Global financial markets declined sharply on March 3 as the escalating conflict involving Iran disrupted energy supplies and deepened investor anxiety over the economic consequences of a prolonged regional war. Stock markets across the United States, Europe, and Asia recorded steep losses, while oil and natural gas prices surged amid fears of sustained supply disruptions in the Persian Gulf.
On Wall Street, US markets extended losses for a second straight session. The Dow Jones Industrial Average closed down 403 points, a decline of 0.83 percent, settling at 48,501. The S&P 500 fell 0.94 percent and the Nasdaq Composite dropped 1.02 percent. The session was marked by extreme volatility — at their intraday lows, the Dow had fallen more than 1,277 points and the S&P 500 shed as much as 2.5 percent before markets recovered a portion of those losses in afternoon trading, following a statement from President Donald Trump that the US Navy would escort tankers through the Strait of Hormuz if necessary.
Investor anxiety was visible in the CBOE Volatility Index, which climbed sharply during the session, reflecting heightened uncertainty across financial markets.
Market declines extended globally. In Asia, Japan's Nikkei 225 dropped 3.06 percent. South Korea's Kospi fell sharply across consecutive sessions as the conflict escalated, with circuit breakers triggered during trading. European indices also recorded broad declines, reflecting concerns about energy supply and economic fallout.
Energy markets drove much of the turbulence.
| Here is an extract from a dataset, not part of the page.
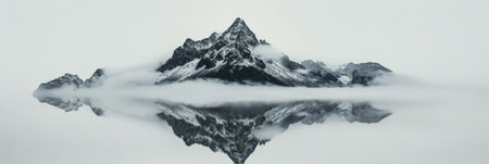 mountain peak in the clouds on a white background, nature series

Oil prices climbed further on March 3 after Iran's Revolutionary Guard declared the Strait of Hormuz closed — a move threatening one of the most critical maritime energy corridors in the world. Brent crude rose approximately 8 percent to $83.83 per barrel, while US West Texas Intermediate crude climbed more than 8 percent to $77.05 per barrel. These were the highest closing levels since the US and Israeli strikes on Iran's nuclear facilities in June 2025.
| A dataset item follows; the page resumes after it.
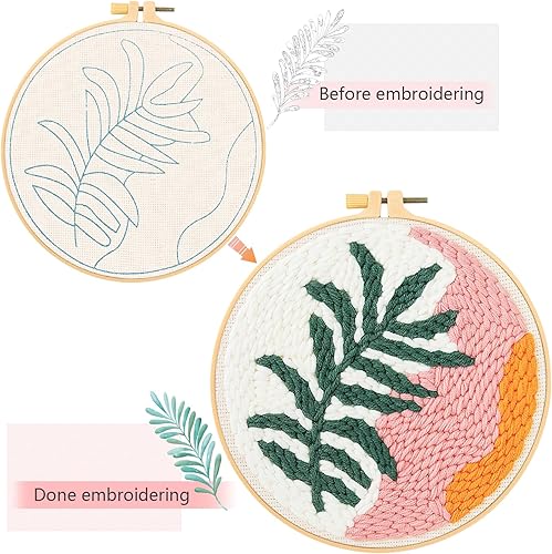 JSRQT Punch Needle Kit pour Débutants, Kit de Démarrage de Broderie Kits pour Adultes, Broderie D'Aiguille de Poinçon Kit avec Motif Feuilles, Punch Needle Broderie Kit avec Outils, Aiguille et fils

The Strait of Hormuz connects the Persian Gulf to global shipping routes and is the transit point for roughly a quarter of the world's seaborne oil trade. Any sustained disruption to shipping through the waterway carries significant implications for global energy supply and pricing.
Additional pressure came from disruptions to liquefied natural gas production. QatarEnergy confirmed it had halted operations at Ras Laffan Industrial City — the world's largest LNG export facility — following Iranian drone attacks. The company subsequently suspended output of other energy products as well. European natural gas futures surged more than 20 percent following the halt, as buyers scrambled to assess the impact on contracted supplies.
Shipping across the region faced severe disruption. As of March 3, at least five tankers had been damaged in the vicinity of the strait, and approximately 150 vessels were stranded nearby due to the security situation. At least one seafarer was reported killed.
The developments concentrated investor focus on the duration of the conflict. Trump told reporters the operation was projected to last four to five weeks but could extend longer. That timeline, combined with real-time disruptions to oil, LNG, and maritime trade, kept financial markets on edge throughout the session.
As of the close of trading on March 3, markets remained volatile, with investors tracking developments in the conflict and any diplomatic or military responses that could affect the stability of global energy supply chains.